DATA SHOWN:
----------------

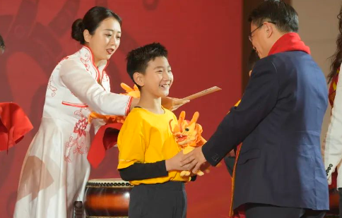 近日,中国邮政《甲辰年》特种邮票首发仪式在中国工艺美术馆(中国非物质文化遗产馆)举行。宋庆龄和平天使艺术团打击乐团的十名小学员演奏了中国传统鼓乐《滚核桃》,以昂扬的精神风貌、精湛的演奏技艺感染了现场的每一位观众。
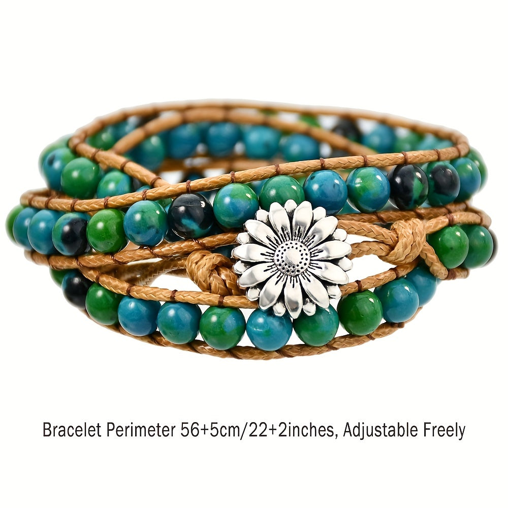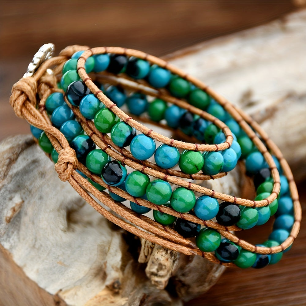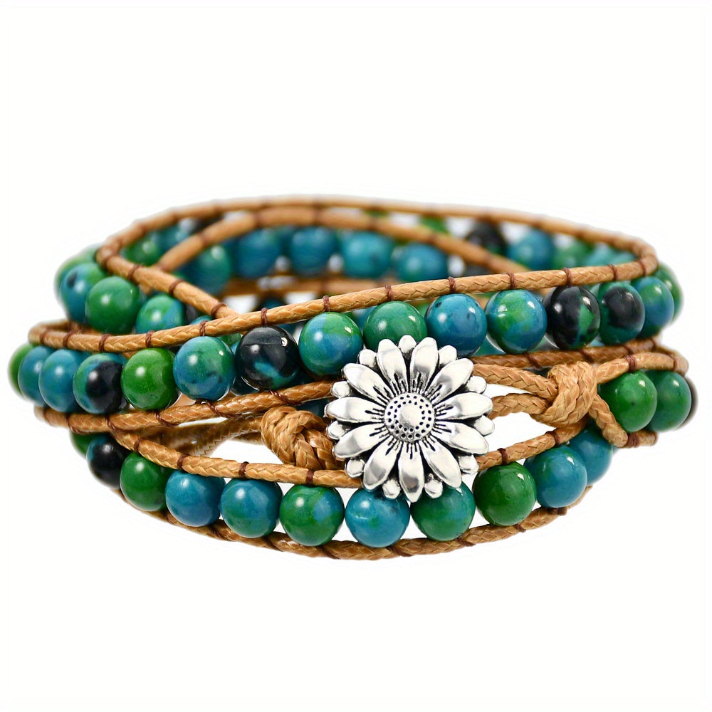 This 3-layer wrap bracelet features chrysocolla beads on leather rope, adjustable for a perfect fit. The healing natural stone design is perfect for women and girls.
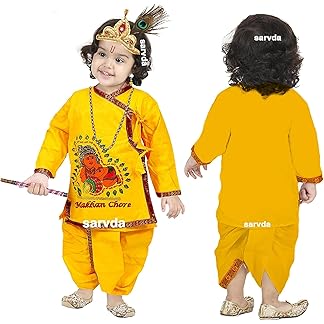 Sarvda Krishna & Radha Dress for kids with accessories Mukut Mor-Pankh Kundal Flute etc Janmashtami Costume for 1 2 3 4 5 6 7 8 Year Boy & Girls
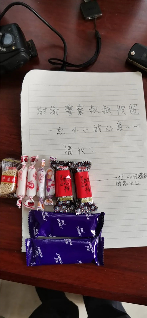 在交警忙于執(zhí)勤時(shí),女孩悄然離去,臨走前留下一封簡(jiǎn)短的感謝信和幾顆糖果。

----------------

EXERCISE GOAL: In repeating the lines above, keep the wording exact and leave every picture out.

ANSWER TO THIS EXERCISE:
 近日,中国邮政《甲辰年》特种邮票首发仪式在中国工艺美术馆(中国非物质文化遗产馆)举行。宋庆龄和平天使艺术团打击乐团的十名小学员演奏了中国传统鼓乐《滚核桃》,以昂扬的精神风貌、精湛的演奏技艺感染了现场的每一位观众。
 This 3-layer wrap bracelet features chrysocolla beads on leather rope, adjustable for a perfect fit. The healing natural stone design is perfect for women and girls.
 Sarvda Krishna & Radha Dress for kids with accessories Mukut Mor-Pankh Kundal Flute etc Janmashtami Costume for 1 2 3 4 5 6 7 8 Year Boy & Girls
 在交警忙于執(zhí)勤時(shí),女孩悄然離去,臨走前留下一封簡(jiǎn)短的感謝信和幾顆糖果。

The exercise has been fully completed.